I believe the question is of considerable interest. It might therefore be of interest to rephrase it more clearly. As it stands, it assumes that there is a quantitative measure associated with Non-Markovianity and another associated to non-locality, the question being whether the one grows when the other does? Now, before addressing that question, one should ask:   which quantities do you have in mind? I guess, for entanglement the purity of a subsystem might be a measure: if the whole system is in a pure state, the less pure the subsystem is, the more entangled the entire state. But what do you have in mind for Non-Markovianity? In particular, one of the criteria for Non-Markovianity is, that the subsystem's purity can grow with time, which sounds rather different from entanglement being large. Similarly, when we consider Markovianity or lack thereof, we usually make a distinction between a central system and an external bath. This distinction is usually not made when looking at entanglement, though we certainly may ask how entangled a central system and the bath become. I just am not sure that there are any straightforward connections, nor how to phrase them if there are.

@Leyvraz  Non-Markovianity has been linked quantitatively to different distance measures (e.g., trace distance, Bures distance, Hilbert-Schmidt distance). However these measures vary  due to inherently differet characteristics,  and as such there is no  unique definition of non-Markovianity in quantum systems. In a sense, if there is a measure that responds to deviations from the continuous, memoryless, completely positive semi-group feature of Markovian evolution, then it is may qualify as a tool to quantify non-Markovianity. The concepts of divisibility and distinguishability  have been very useful  in identifying  measures which violate the complete positivity during the evolution of a  system. So to answer your question: there is no single quantity that I have in mind.....as long as "it" is linked to the breakdown of the complete positivity during  evolution, it will do ok. Even the increase of trace distance during time intervals (for instance) may be  taken as a sufficient but not necessary signature of  non-Markovianity. This shows the complexities of non-Markovian dynamics.

It is challenging as well to quantify Non-locality, and there are attempts to involve  the  Bell inequality and variations thereof  to quantify the boundaries of non-local events. So we have hurdles in defining the problem even before resorting to solving it!

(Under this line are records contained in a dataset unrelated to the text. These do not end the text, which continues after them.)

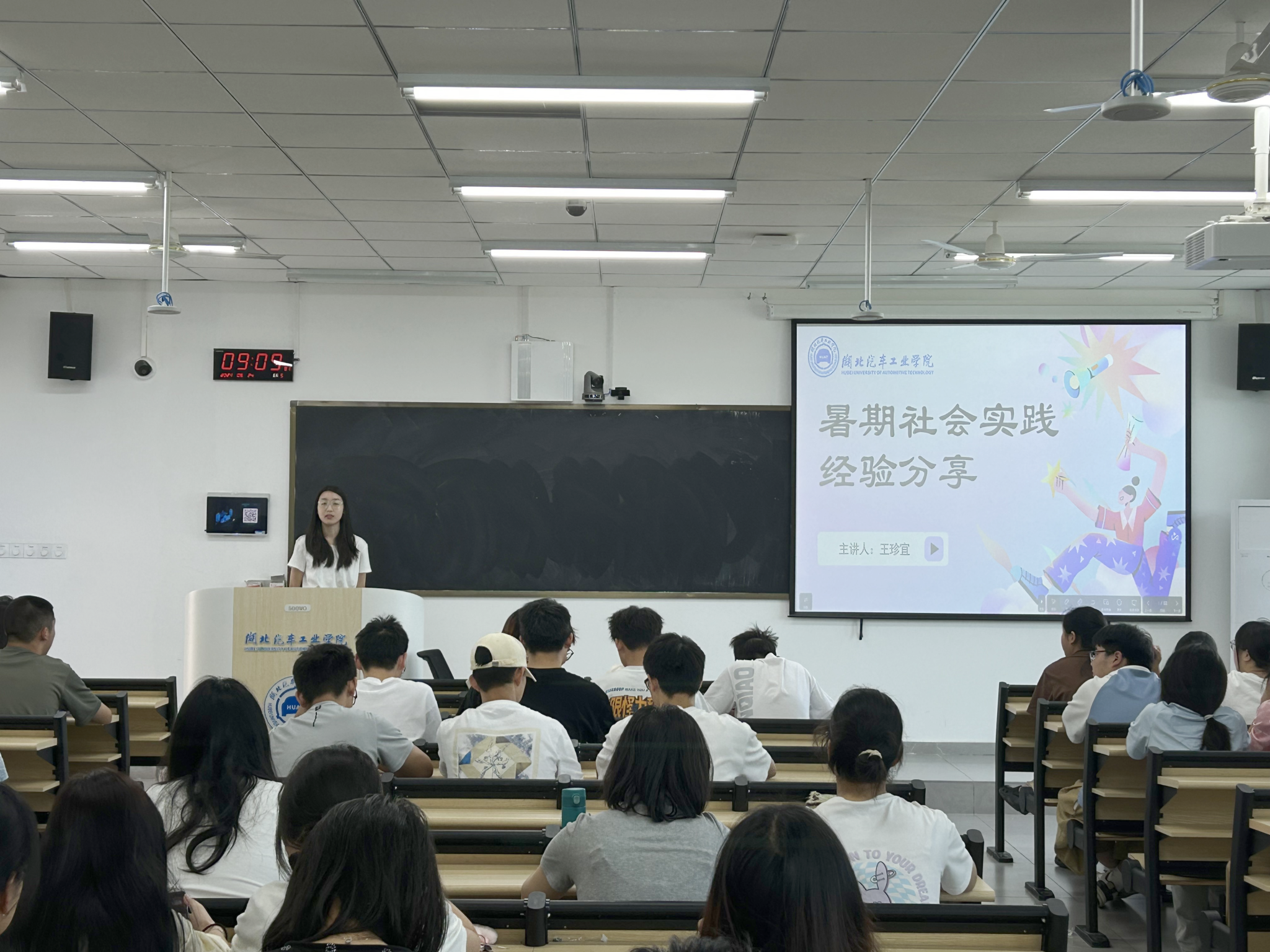 王珍宜同学分享了参加社会实践的心得体会和实践方法。她以如何做好一次暑期社会实践为题,围绕队伍建立、主题确定、策划撰写、实践开展、实践总结和实践成果六个方面做了详实的讲述,对同学们开展社会实践有很大的启发作用。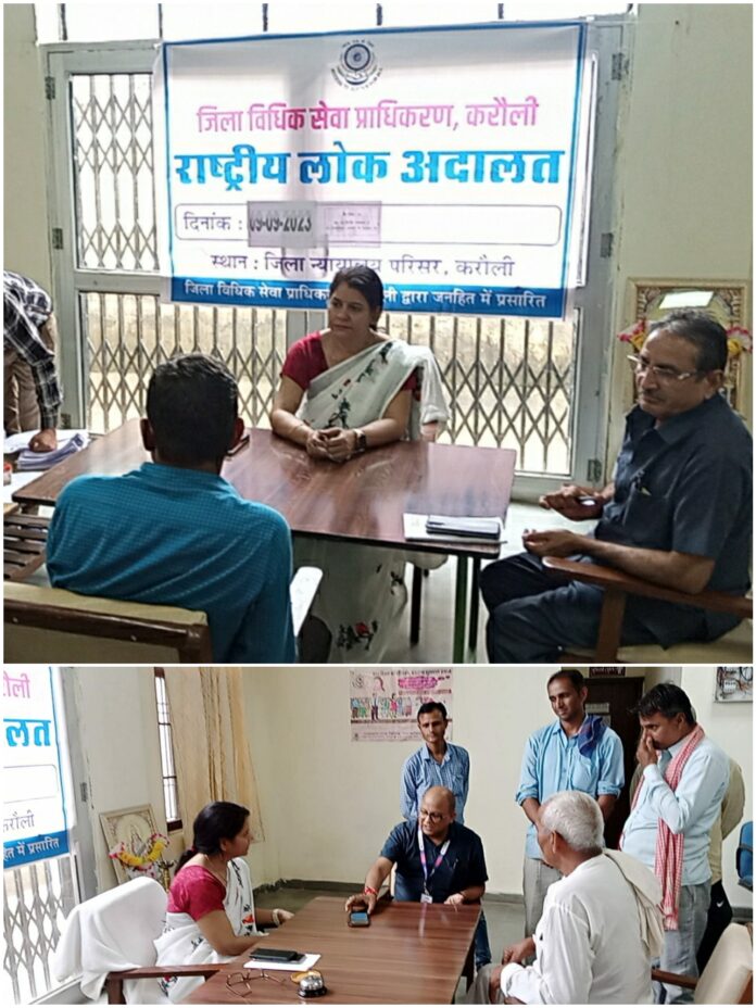 माननीय राजस्थान राज्य विधिक सेवा प्राधिकरण, जयपुर के निर्देशानुसार एवं जिला विधिक सेवा प्राधिकरण की अध्यक्ष एवं जिला एवं सेशन न्यायाधीश श्रीमति माधवी दिनकर के निर्देशन में आज दिनांक 09 सितम्बर 2023 को करौली जिले के समस्त न्यायिक न्यायालयों समस्त राजस्व न्यायालयों, जिला उपभोक्ता प्रतितोष आयोग करौली व श्रम विभाग करौली में लंबित सभी प्रकृति के (Pending and Pre-Litigation Matters) विवादों से संबंधित एक दिवसीय राष्ट्रीय लोक अदालत का आयोजन ऑफलाईन के साथ-साथ ऑनलाईन माध्यम से किया गया। जिला विधिक सेवा प्राधिकरण की सचिव एवं अपर जिला एवं सेशन न्यायाधीश श्रीमति बीना गुप्ता ने माँ सरस्वती के चित्रपट पर दीप प्रज्वलित कर राष्ट्रीय लोक अदालत का शुभारम्भ किया गया।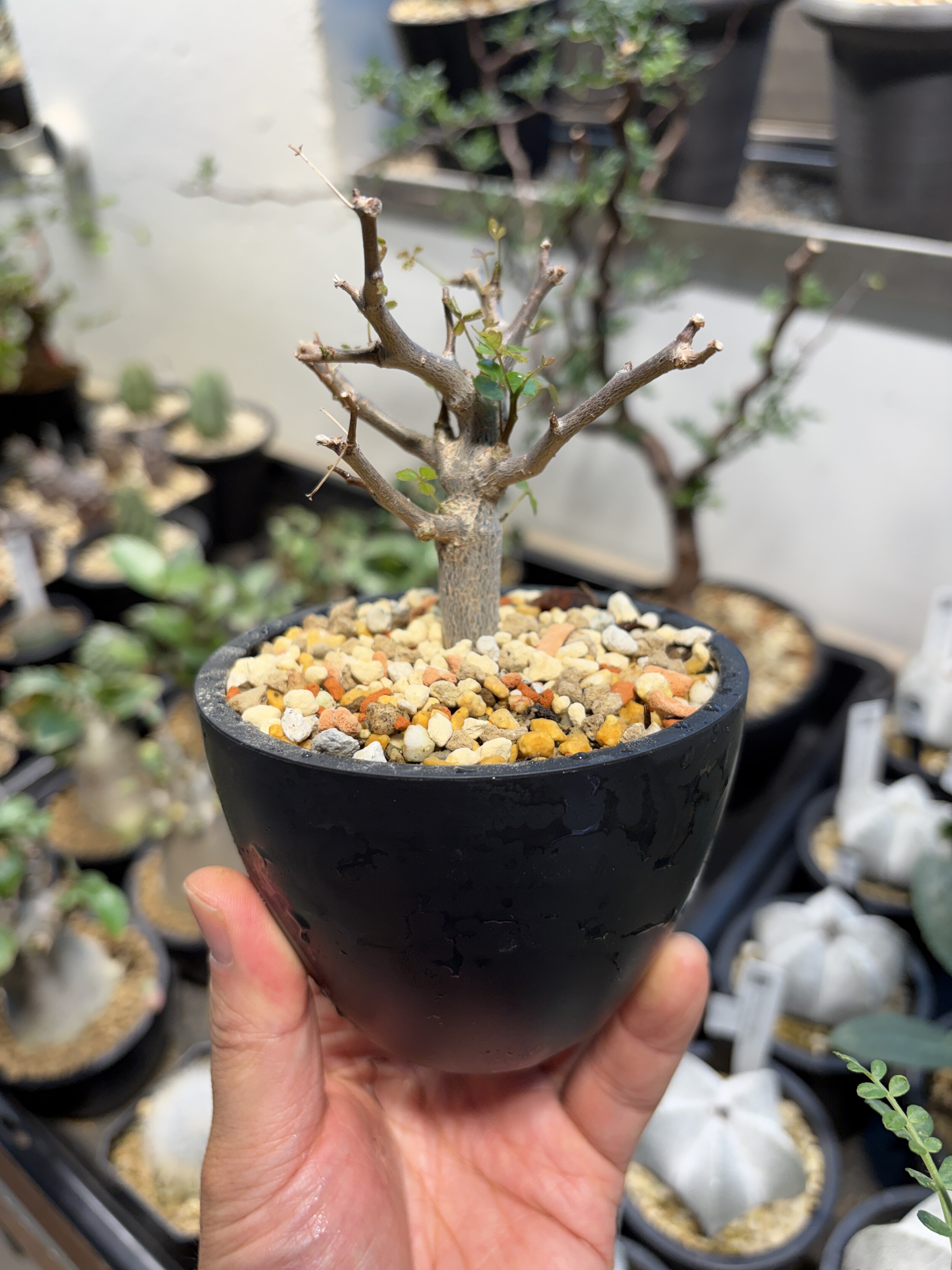 'Caudex' 식물들은 늦가을부터 자연스럽게 잎이 떨어집니다. (환경에 따라 잎이 지지 않을 수 있습니다.) 잎이 떨어지기 시작하면 서서히 물을 줄여나가며 휴면기인 겨울 동안에는 2-3주 1회 가볍게 분무 해주시면 됩니다.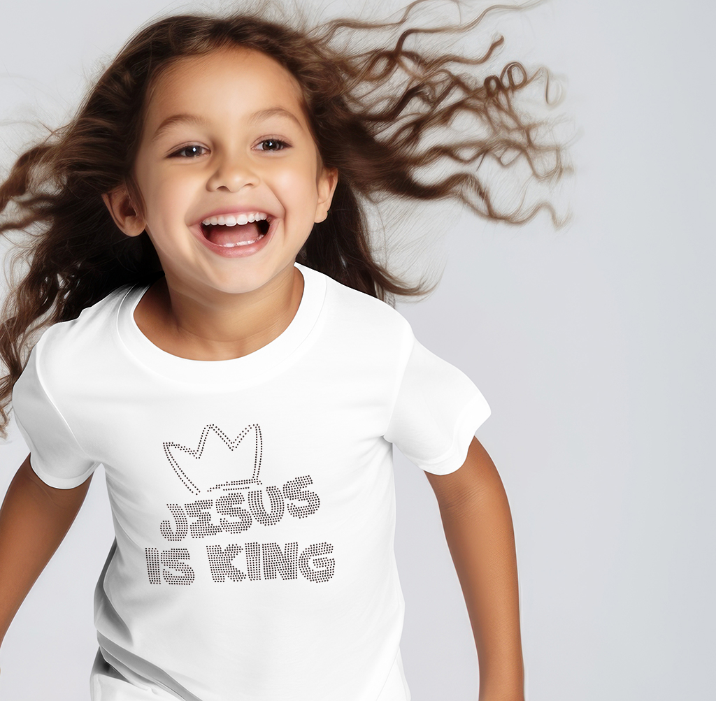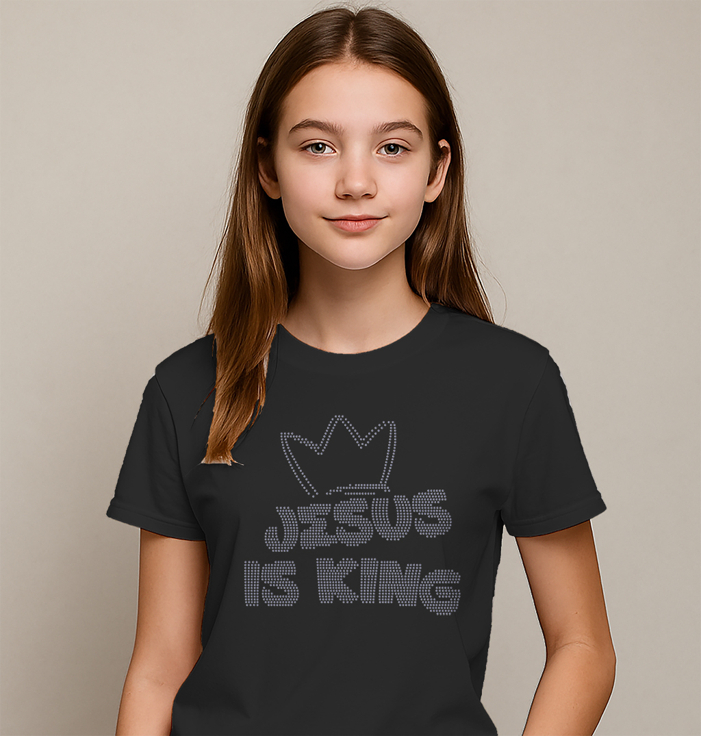 Shine your faith in style with this bold black t-shirt featuring dazzling rhinestones that spell out “Jesus Is King” with a regal crown above. Crafted for comfort and sparkle, this tee is perfect for worship, weekend wear, or sharing your faith out loud.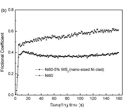 圖1為熔覆層的組織形貌,可以看出熔覆層內(nèi)存在大量納米尺度的h-WS2和WC相,其摩擦磨損結(jié)果見(jiàn)圖2所示。
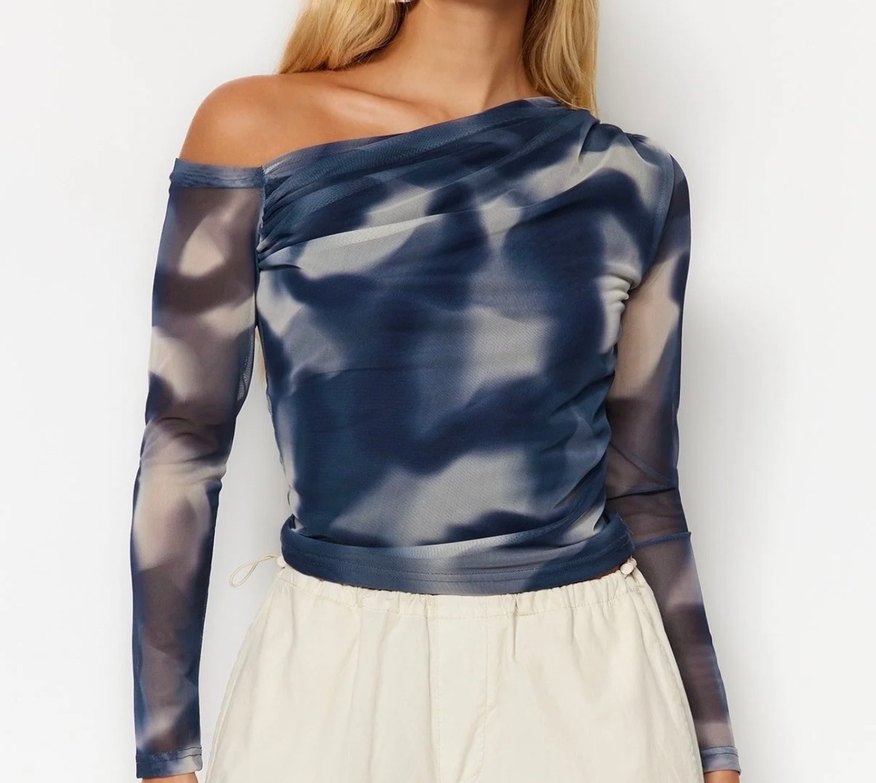 Drapeli Uzun Kollu Mavi Batik Bluz

Perhaps it is a good start to seek a link (implicit or otherwise) between non-Markovianity and non-locality. To this end, it would be interesting to seek  the role of mathematical mappings known as the assignment or extension maps within the context of this problem. Assignment maps provide description as to how a subsystem is embedded within a larger system. These maps can take on negative values in some instances, and the  quantum system proceeds to evolve with signatures of non-Markovian dynamics for a given period of time. Will further examination of the Assignment maps help establish a link  between increased non-Markovianity and non-locality? What is the role of the Minkowski space & geometric algebra in this regard? Are they better platforms with which to examine this problem, which appears ill defined at the moment.